Socially, the Indians were divided in several strata: a higher one, smaller in numbers, which was formed by the Indian leaders, by those who helped to fight the rebel Indians. Under them there was the rest of the Indian population, which comprised almost all of them.

Gente de Razon (People of reason)

Besides the Indians, there was the "people of reason:" the Spaniards, Criollos and the remaining castes, of whose spiritual administration the secular clergy was responsible.

To better understand this sector of society, we need to analyze them both from the racial or caste viewpoint, as well as the economic one.

From the point of castes, we have the Europeans, which themselves were divided in several strata, depending on the economic role they played.

Besides them, there were the "coyotes," mestizos from Spaniard and Indian (the concept of "mestizo" started being used here until the XIX Century), mulatoes, and wanderers who tried to find a niche within this socioeconomic structure that had not been designed for them. They lived from whatever they could, wandering between the missions, and only a few cases they could accumulate a personal fortune, either through having found a rich mine, or selling goods.

Finally, there were slaves, generally from African ascendancy, who were imported to work mainly in personal labour related activities, not only for lay people but also for the missionaries. However, as time passed and the lack of workforce, the Apaches gradually started covering this social and economic niche, when in the military campaigns to fight them, their children were captured and taken to be educated and raised by the well to do families, eventually turning into a species of personal servants.

We must add that this caste division was not as well defined in Sonora, because as time passed and the aislated of daily life, several intermediary groups came to be, as we will see later.

Economically, the "people of reason" was divided in the following classes:

Those who belonged to the higher presidial commands, who generally took advantage of their position to improve economically.

The soldiers of the pesidios (the name given them to the military posts), whose function was to preserve peace

The remaining population of Spaniards.

The Sonoran mestizaje

A diferencia del centro del país, donde existe un galimatías de castas, en Sonora los únicos conceptos raciales que se manejan comúnmente durante la Colonia son: español, mestizo, coyote y mulato, y aún muchas veces sólo subjetivamente.

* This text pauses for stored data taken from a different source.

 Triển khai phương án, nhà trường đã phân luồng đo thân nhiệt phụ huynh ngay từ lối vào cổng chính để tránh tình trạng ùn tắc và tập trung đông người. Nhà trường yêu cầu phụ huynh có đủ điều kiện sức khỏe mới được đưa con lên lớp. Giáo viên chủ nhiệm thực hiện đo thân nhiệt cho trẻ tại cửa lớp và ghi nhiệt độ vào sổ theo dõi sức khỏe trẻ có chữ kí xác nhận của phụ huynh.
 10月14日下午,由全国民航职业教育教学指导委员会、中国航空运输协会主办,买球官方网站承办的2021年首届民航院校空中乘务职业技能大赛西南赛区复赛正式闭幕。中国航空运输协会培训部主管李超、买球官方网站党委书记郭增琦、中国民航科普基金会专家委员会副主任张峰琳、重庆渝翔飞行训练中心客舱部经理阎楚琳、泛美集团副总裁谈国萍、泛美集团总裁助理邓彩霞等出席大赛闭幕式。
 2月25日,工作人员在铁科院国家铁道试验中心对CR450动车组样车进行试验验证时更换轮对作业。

Ejemplos de ello abundan, como la costumbre de calificar aquí a muchos hijos de español e india como españoles en vez de mestizos, como ocurría en el centro de México. Así tenemos el ejemplo de los 8 censos de la Pimería Alta de 1801 (Tumacácori, Cocóspera, San Ignacio, Sáric, Tubutama, Ati, San Xavier del Bac y Caborca), que tienen once casos conocidos de uniones mixtas con descendencia: en 7 de ellos, los hijos fueron asignados a la raza del padre, en 3 a la de la madre y en uno no se especifica la raza del hijo.

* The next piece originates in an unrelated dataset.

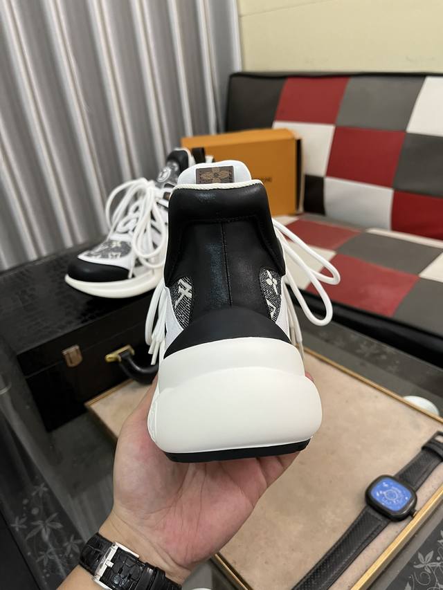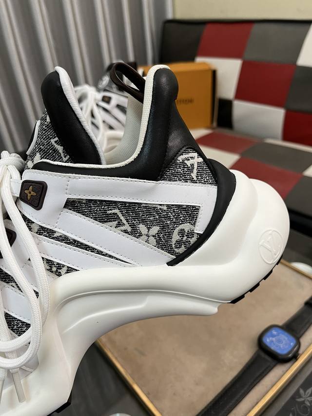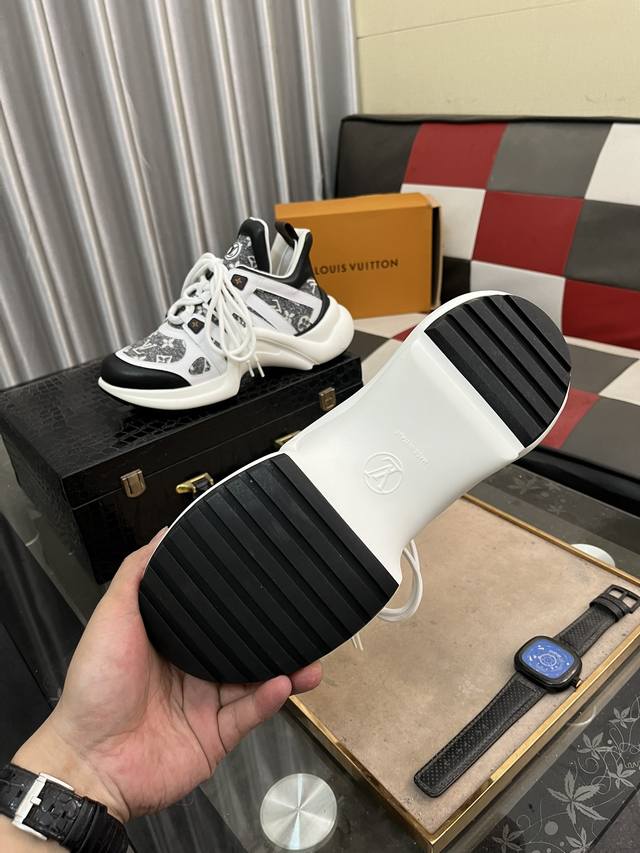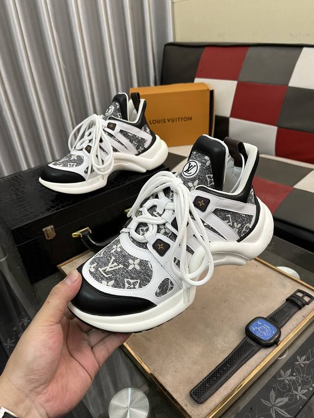 出厂价pp: 顶级版本 新款Lv花式熊猫扣子款 Archlight 驴牌五金休闲运动老爹鞋后增跟高约5.5Cm,大底最高度厚约8Mm...

Además podemos ver en los registros parroquiales que en muchos casos el calificativo de español, mestizo, coyote o mulato depende de un juicio subjetivo del misionero que hace el registro, ya que en distintos sacramentos el mismo individuo es calificado de diferente manera.

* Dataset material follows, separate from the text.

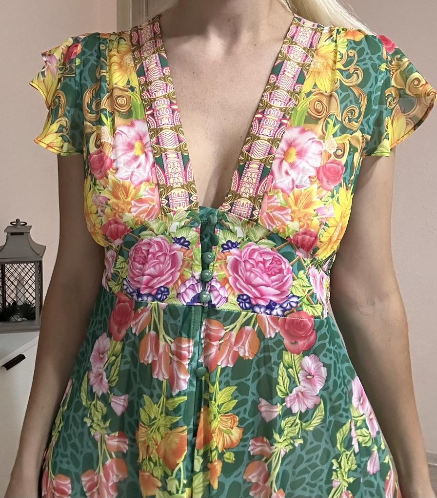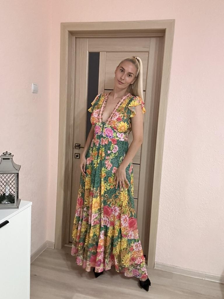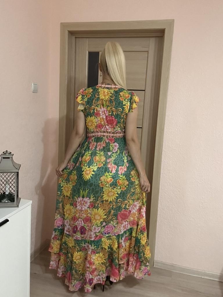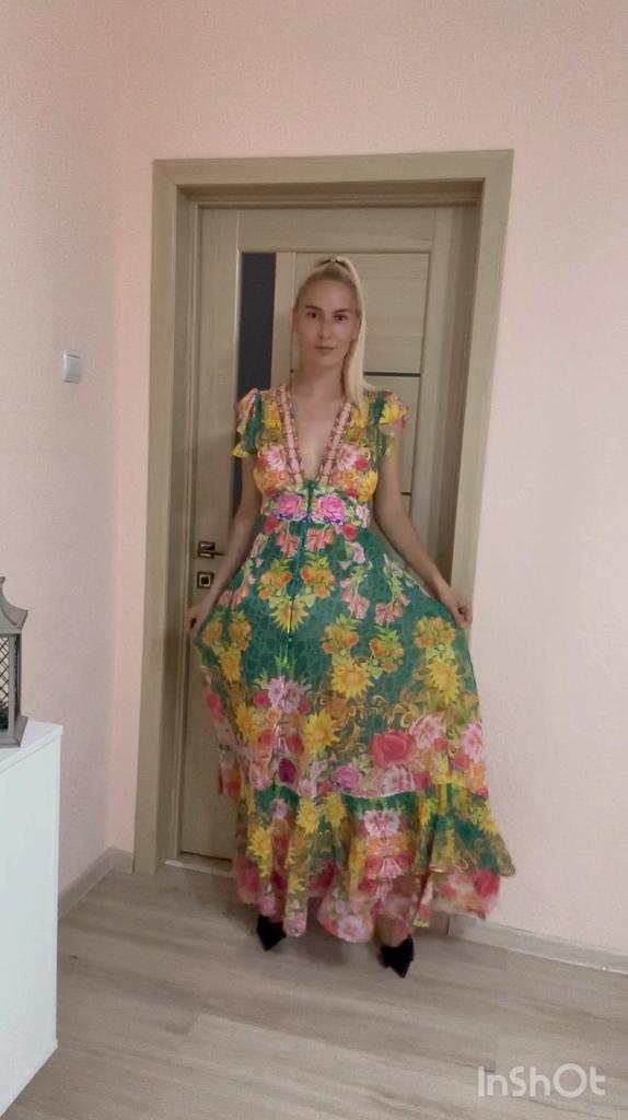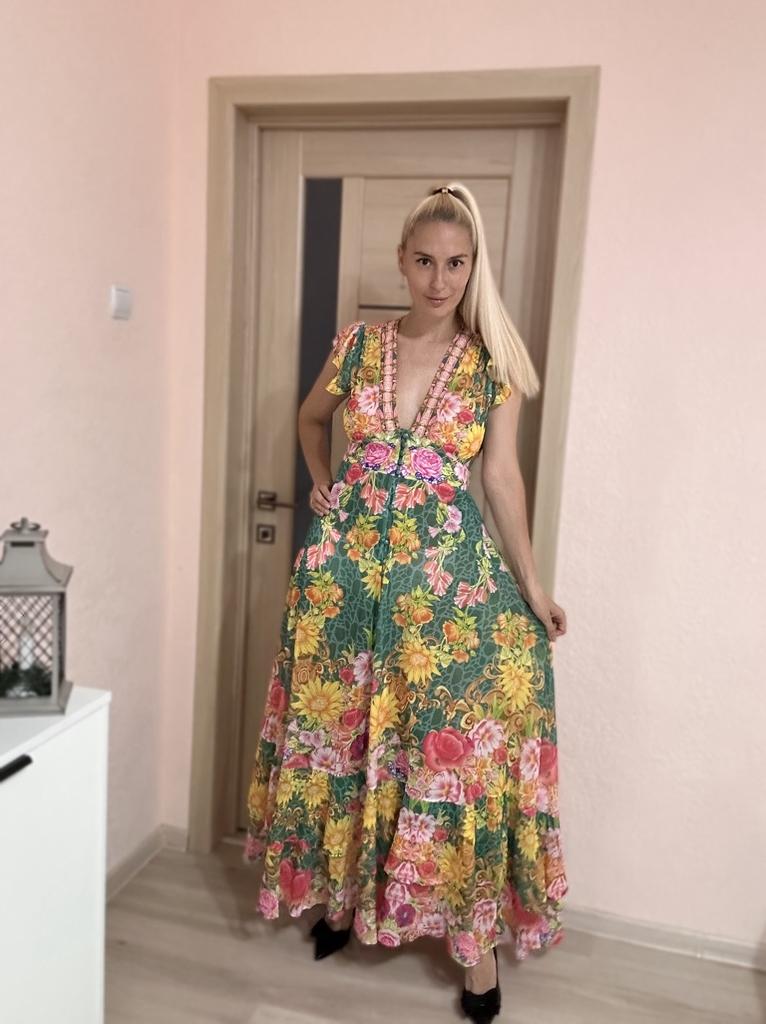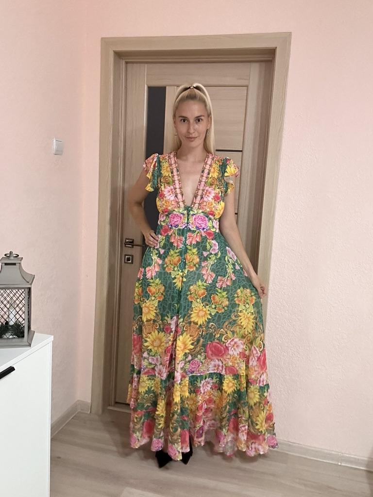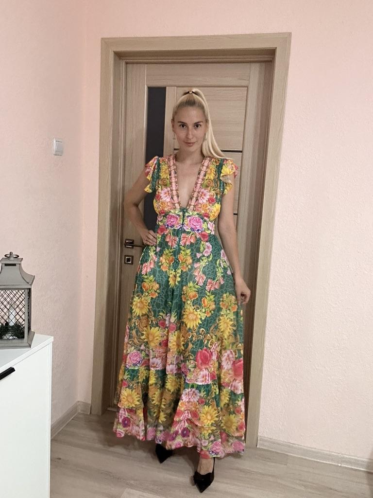 New 2024 Summer Gorgeous Flower Print Chiffon Holiday Long Dress Boho Women's Sexy Deep V Neck Sleeveless Ruffles Buttons Robe

La Interrelación Económica Misión y Sociedad

Estas tres actividades económicas podemos a su vez clasificarlas en cuanto a su oposición o no al régimen misional.

Los mineros no competían directamente con la Misión, ya que sus productos cumplían en cierta manera la función de moneda en la región, además que sus calendarios de actividad no estaban en conflicto directo con los calendarios económicos de la misión.

Los ganaderos y agricultores que, éstos sí, competían con la misión en la producción del agro. Muchos de los ganaderos españoles eran o habían sido militares, principalmente de mandos superiores en la región, y su inicio en esta actividad es anterior a la llegada de los misioneros a la Pimería Alta.

Así está el caso de un capitán español que fundara un rancho ganadero en el actual San Lázaro, en donde llegó a tener más de 9,000 reses aún antes de la llegada de Kino a la Pimería.